National Finance director Carol Anne Braithwaite has sentenced to 10 months' home detention at a waterfront Auckland property for misleading investors of the failed firm.
The 53-year-old was convicted in July on one charge of making untrue statements in a National Finance 2000 prospectus, which collapsed in 2006 owing $24.8 million to more than 2000 investors.
Those investors are still owed around $15 million.
Justice Pamela Andrews, when handing down the sentence in the High Court at Auckland this morning, said these investors struggled financially and emotionally.
Many of those with money in the firm were retirees, who have now lost "significant part of their retirement income", the judge said.
Although Braithwaite argued during her trial that she did not know what was expected of her as a director, Justice Andrews said this did not get her off the hook.
"You did not turn your mind or exercise any independent judgement as to whether what was in the prospectus was true, you simply relied on what others told you.

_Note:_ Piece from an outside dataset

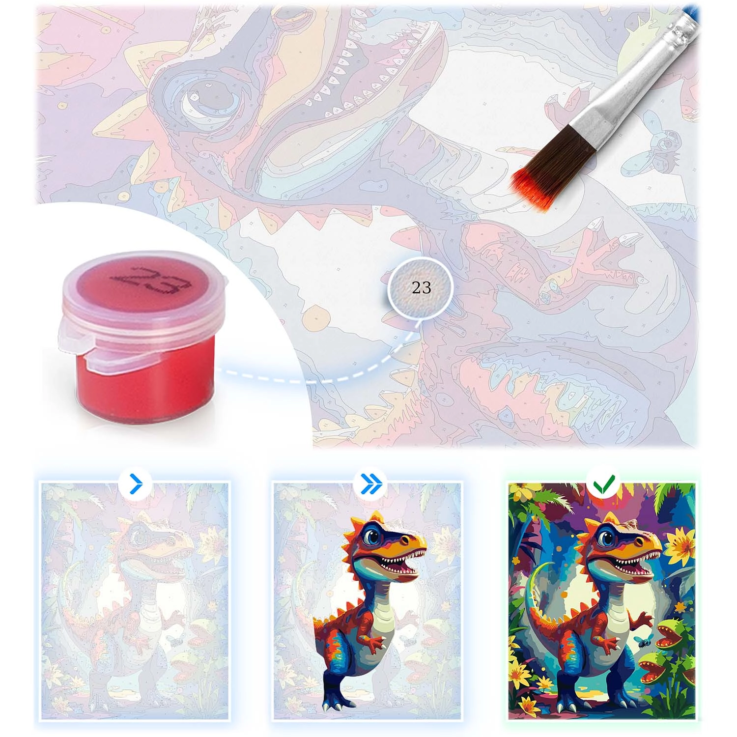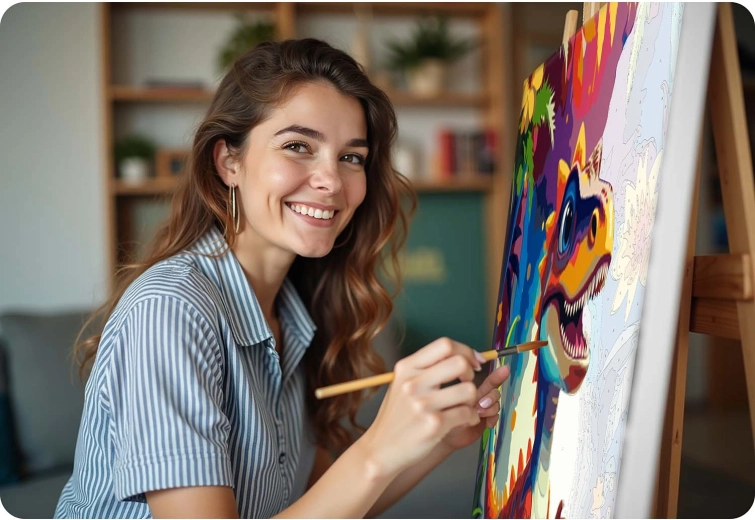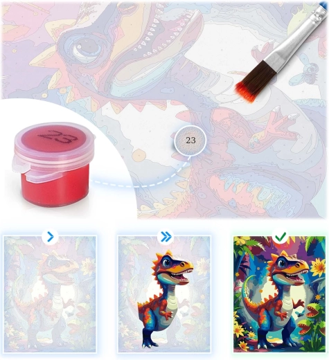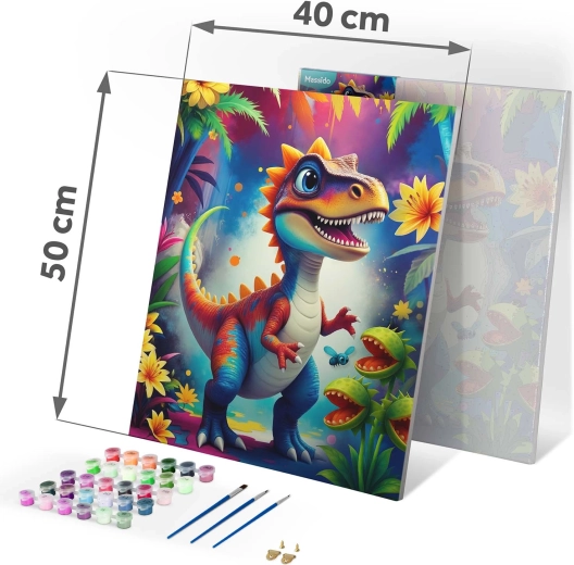 Scopri la gioia della creazione con il dipinto secondo i numeri 40 × 50 cm con motivo dinosauro. Il set include tutto il necessario: tela preparata su telaio, fino a 30 colori acrilici coprenti, 3 pennelli di varie dimensioni e ganci per l’appensione. Grazie alla pre-colorazione con linee sottili, anche i principianti riusciranno a dipingere facilmente e il risultato avrà colori intensi e copertura piena senza linee trasparenti.

You largely abdicated your responsibilities as a director...that abdication does not excuse you," Justice Andrews said.
The judge sentenced Braithwaite to 10 months' home detention to be served at a rented property on Devonport's Queens Parade and 300 hours' community work
Although the judge took a sentencing starting point of two years eight months' imprisonment, she gave Braithwaite a discount of eight months for her previous good character, remorse and her family circumstances.
This brought the former director's sentence within the threshold of where home detention can be granted.
Crown lawyer Steve Symon said this morning that Braithwaite's offending amounted to "gross negligence".
Symon said the 53-year-old had abdicated her duties as a director to her former defacto husband, National Finance boss Trevor Allan Ludlow, or the company's accountant, John Gray.
"That amounts to gross negligence - a complete abdication of your responsibilities as a director," he said.
While the defence submitted Ms Braithwaite was unschooled in financial affairs, Symon said the former director did not portray herself that way to investors.
"At all times she was representing that she was capable to this job," Symon said.
The Crown pushed for a starting point of 3 years in prison with a 15 per cent discount for her previous good character.
"In terms of remorse, we are at odds," Symon said.
"Ms Braithwaite is sorry about the circumstances she finds herself in..there is no genuine remorse indicated here," he said.
Symon said a sentence was imprisonment was an "inevitable result" and the only thing to determine was the length of it.
But Braithwaite's lawyer, Arlan Arman, said the former director's offending "was a crime of ignorance not one of intent".
"She made a serious error in judgement," he said.
During her trial, the defence argued that Braithwaite did know what responsibilities were expected of her as a director.
"She was really there to sign a piece of paper," Arman said today.
"She was really there to sign a piece of paper," Arman said today.
Braithwaite was looking after two children on the domestic purposes benefit and wouldn't be living in a mansion or driving a Lamborghini after serving her sentence, Arman said.
"It's a stretch to say that any other finance company director would know what that's like," he said.
Because of these mitigating factors, Arman suggested that a sentence of home detention could be suitable.